This is another post featuring photos from the Orchid House at Longwood Gardens. See here and here for other posts. For those of you who want to grow orchids at home, we have excerpted advice from the Longwood Gardens website on caring for orchids:
To keep your orchids healthy and blooming, here is some advice from Marie Viallet, President of the Southeastern Pennsylvania Orchid Society and a seasonal employee in Longwood’s Horticulture Department:
• Know your plant.Orchids are found from the Arctic Circle to the Andes and have different requirements for temperature, light, and dormancy. Be aware of your plant’s origins and tailor its care accordingly.
• Don’t overwater! This is the number one cause of orchid death. Check the dryness by feeling the weight of the pot (should be light) or by sticking your finger in the soil. When in doubt, hold off watering.
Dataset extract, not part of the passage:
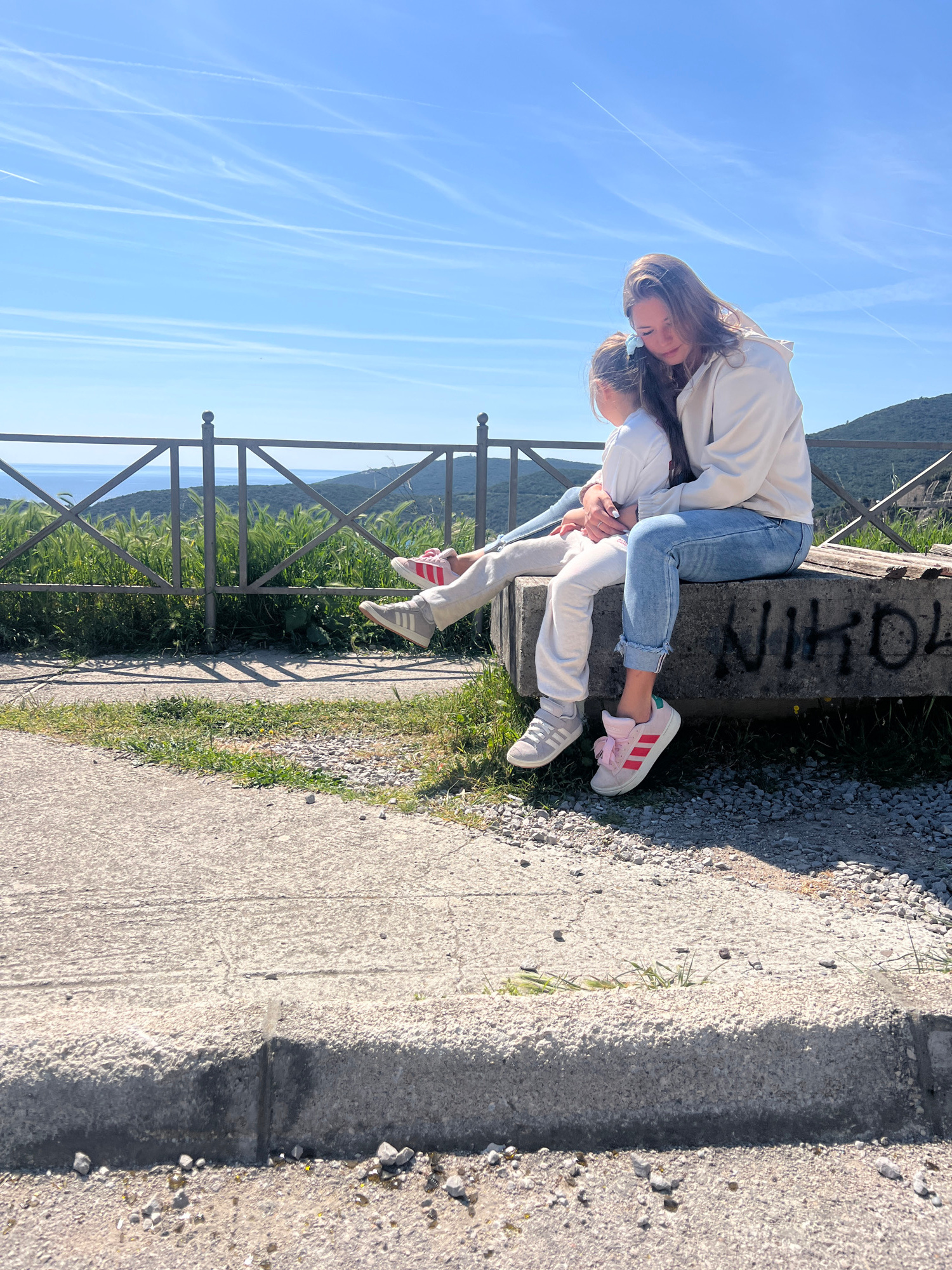 Two individuals, presumably a mother and child, are interacting on a concrete structure. The taller figure, a female with long brown hair, is wearing a light-colored jacket, blue jeans, and pink sneak…read more

• Keep it light. Natural sunlight from east, south, or west windows is best, supplemented by fluorescent light if necessary. Be careful with direct light—plants can get scorched when the sun is too intense.
• Humidify the roots. Some roots will stick out of the pots. Humidity trays (with rocks and water) can keep them moist, as can misting. Don’t mist the leaves, though, or fungus spots can result.
• No drafts, please!
• Repot every 1-2 years right after blooming. Use a mix of fir bark, charcoal, and/or perlite in a pot that can accommodate the root ball plus one inch all around. Shake off the old mix, prune away mushy dead roots, and place in the next pot. Pack orchid mix firmly around and between roots.
“Most orchids are on a year cycle,” explains Viallet. “Some stay in bloom only for a few days, others for much longer. The phalaenopsis, or moth orchid, can bloom for four to five months.”
To encourage your phalaenopsis to rebloom, it helps to expose it to warmer daytime temperatures and cooler nighttime air. Viallet recommends putting the plant outdoors in August and September to take advantage of the natural temperature gradient.